Rafian On The Edge Top <REAL · STRATEGY>
On the edge top, his thoughts often unspooled into plans. He had once wanted to travel—leave the warehouse, pack a single bag, and move toward a coastline he’d only seen in photographs. But the months stitched themselves into one another, and responsibilities—bills, a mother who needed groceries, the stubborn loyalty to people who remembered him when he felt forgettable—pulled him back. Yet those plans didn’t vanish; they persisted as sketches on a page, rough drafts of a life that could still be redrawn.
One evening in late autumn, when the air tasted like electricity and the streets smelled of wet pavement and frying onions, Rafian found himself drawn to the old mill at the edge of town. The mill had been shuttered for a decade, its windows boarded and its brickwork sagging as if bowed under the weight of memory. But from its highest ledge—the “edge top,” as the kids called it—it offered a view that stitched together the entire city's story: the river that cut through neighborhoods like a silver seam, the crooked church spire, the grid of apartment lights, and beyond, the soft, trembling hills. rafian on the edge top
Mina taught Rafian a vocabulary for the small tragedies he’d always felt but never named: burnout, the slow erosion of hope; resilience, the act of continuing anyway. Rafian taught Mina to see the way light simplified problems, how perspective could make burdens smaller if you drew them far enough away. They exchanged recipes and secondhand books, mended jackets and shared playlists. The friendship that grew did not demand dramatic bursts; instead, it settled into the steady rhythms of two lives intersecting at an unusual place. On the edge top, his thoughts often unspooled into plans
That night, as Rafian drew, a storm breathed up from the river. Clouds gathered in slow, theatrical folds, and the city’s lights dulled as though someone were slowly turning down a dimmer. Rain began as a distant, metallic patter and advanced into a steady, cleansing drum. Rafian pulled his jacket closer and kept drawing. The rain blurred the ink, smearing edges into softer thoughts. He began to sketch less the structures of the city and more the weather itself: lines that suggested movement, negative spaces that held the rain’s absence. The storm was an eraser and an artist at once. Yet those plans didn’t vanish; they persisted as
The show opened on a night when cold air matched the warmth inside the café. People drifted in—colleagues from the hospital, warehouse workers, a few homeowners who remembered the mill’s heyday, and a handful of city planners who, it turned out, liked to see what neighborhoods looked like when someone loved them. Rafian stood by his sketches, almost embarrassed by the attention. He listened as strangers found pieces of themselves in those lines. One visitor, an elderly man who’d lived near the mill for fifty years, pointed at a drawing of a gas lamp and described how his late wife used to feed pigeons beneath it. Another, a young woman, said she saw her grandmother in a portrait of a laundromat window.

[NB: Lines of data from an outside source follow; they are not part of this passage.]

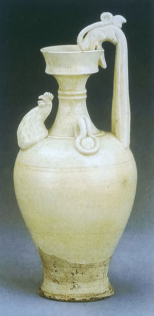 A white-glazed chicken-headed jug excavated from the tomb of Li Jingxun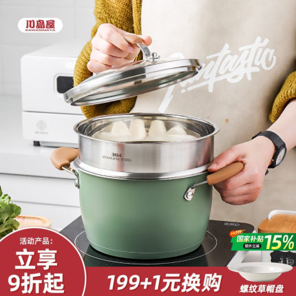 川岛屋蒸锅家用2025新款不锈钢电磁炉燃气灶专用汤锅带蒸笼煮炖锅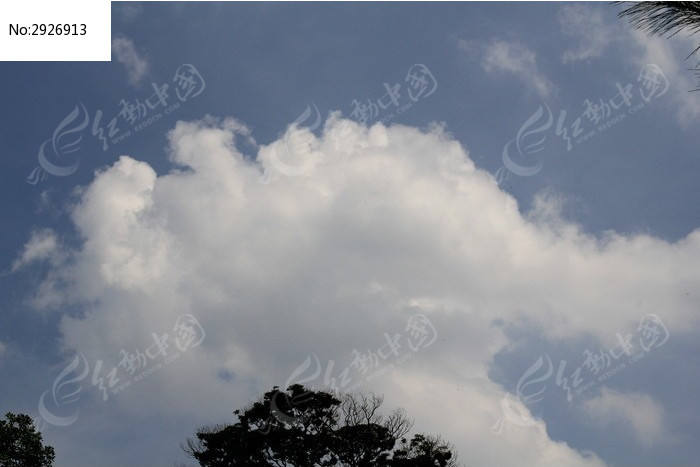 树梢顶上的洁白云朵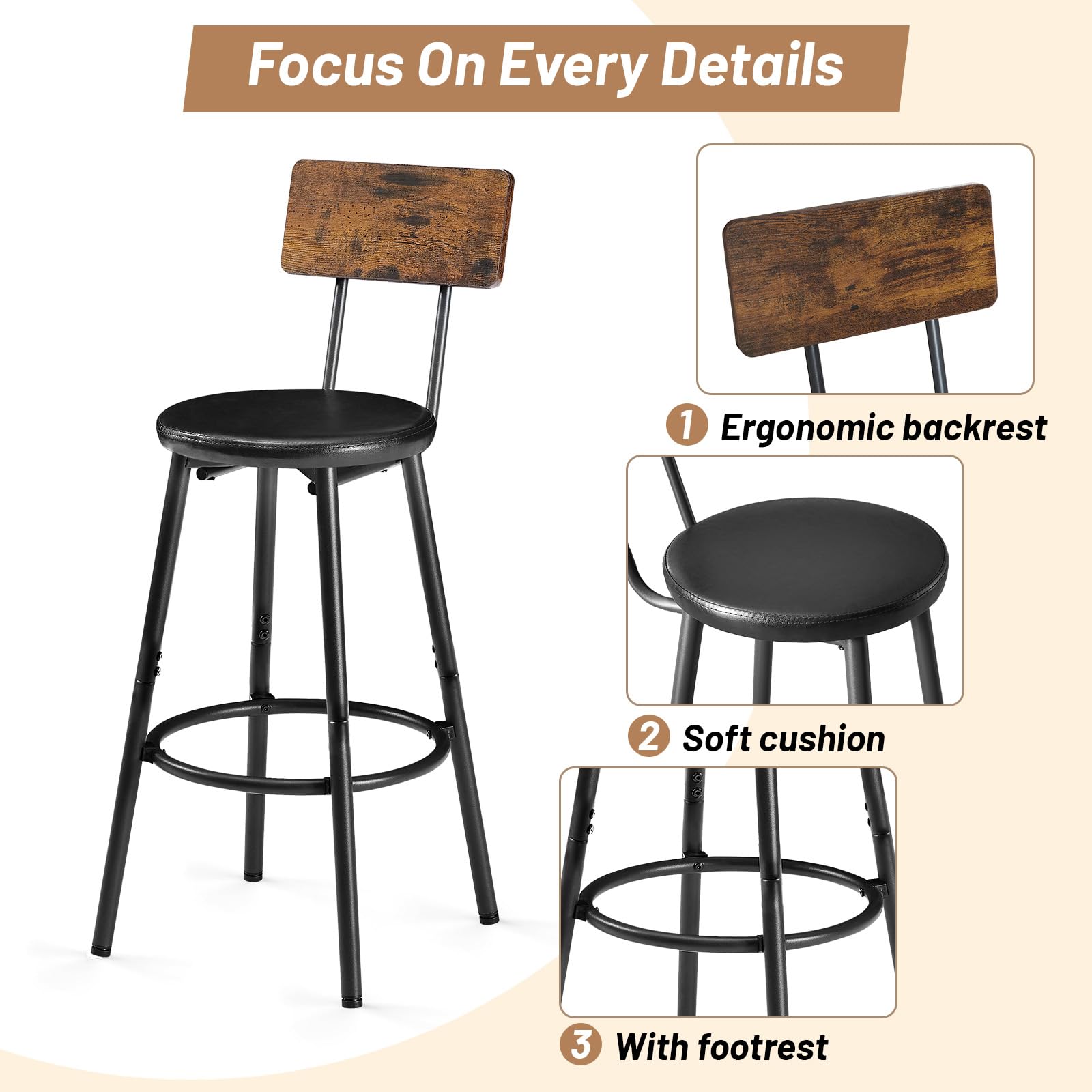 Ergonomic Comfort Design: The high chairs feature 13-inch wide PU leather upholstery and soft sponge cushion for a comfortable seating experience. The ergonomic looped footrest allows your legs to fully relax, reducing pressure from prolonged sitting. The wooden backrest provides additional support and helps alleviate back fatigue, offering lasting comfort even during extended use.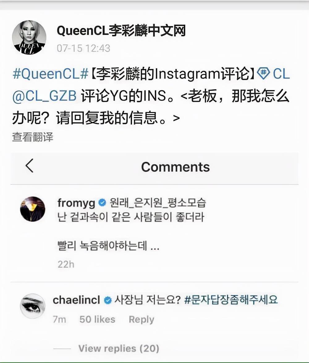 2NE1队长李彩琳,艺名CL,在YG当了多年练习生带领2NE1出道,虽然没有像少女时代那样登顶,却也中成为了韩娱的传奇女团,2NE1解散后CL留在了YG,没想到的是手握众多歌曲却得不到发行,甚至得不到资源,无奈公开怒怼杨社长(2018年7月15日),获得无数网友的力挺!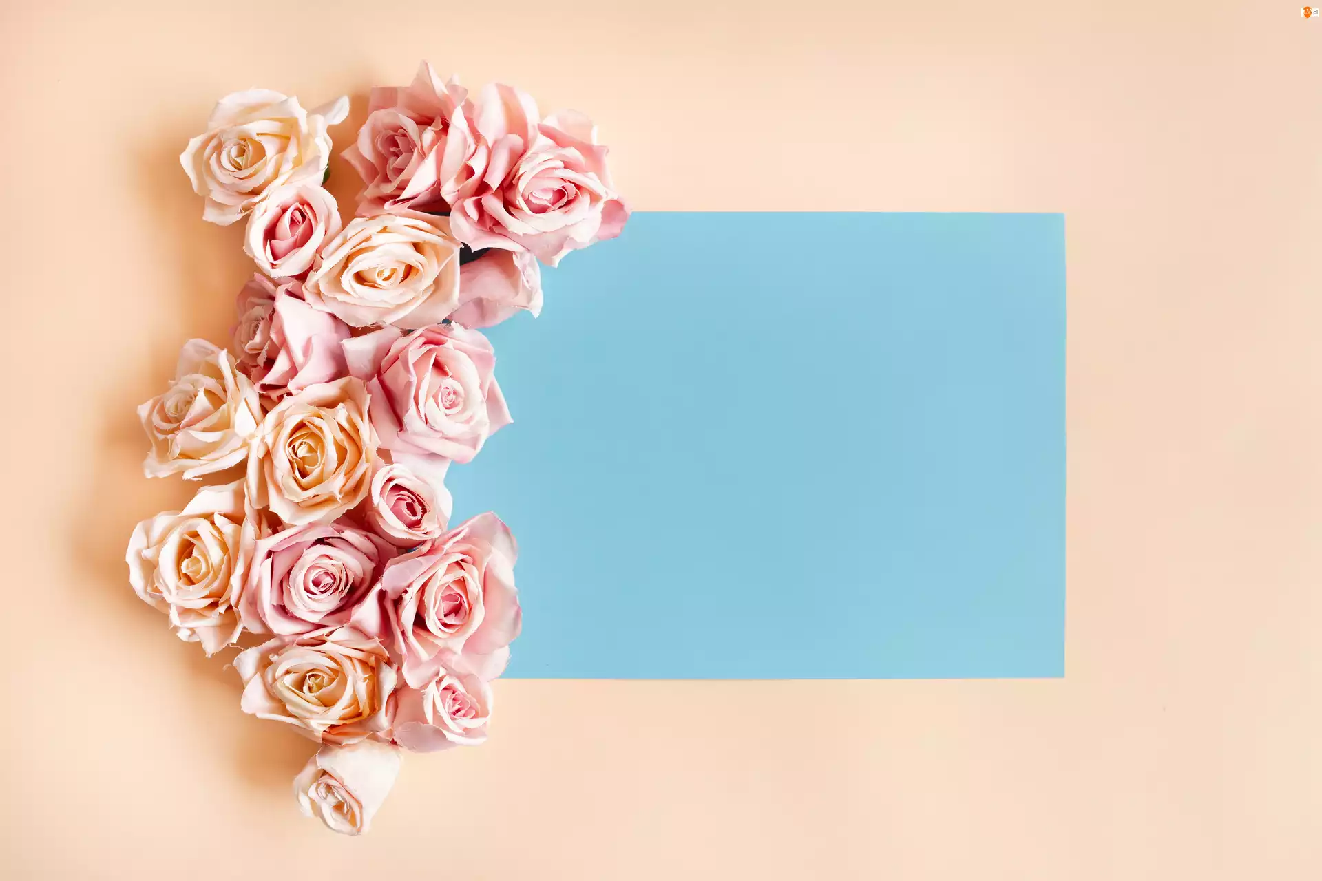 Róże, Niebieska, Kartka, Kwiaty

On the mill’s last night, Rafian climbed to the edge top with Mina and a small group of neighbors. They brought lanterns and cups of tea, and someone read letters collected from residents—remembrances of the mill’s noise, of births and funerals tracked by its clock, of a hundred small rituals that had been threaded through its walls. Rafian drew until dawn. He drew the empty benches, the river glass-smooth beneath a pale light, the way the horizon held on to a shred of indigo before giving way to day.
Mina and Rafian kept their ritual, though now they found new roofs and early-morning walks that felt like edge tops in miniature. They found other perches: the steps of a closed theater, a rusty water tower, a bridge that hummed with traffic. Their friendship evolved into partnership—quiet, companionable, resilient. They moved through the city as citizens who had learned to fit their private maps into a wider public life.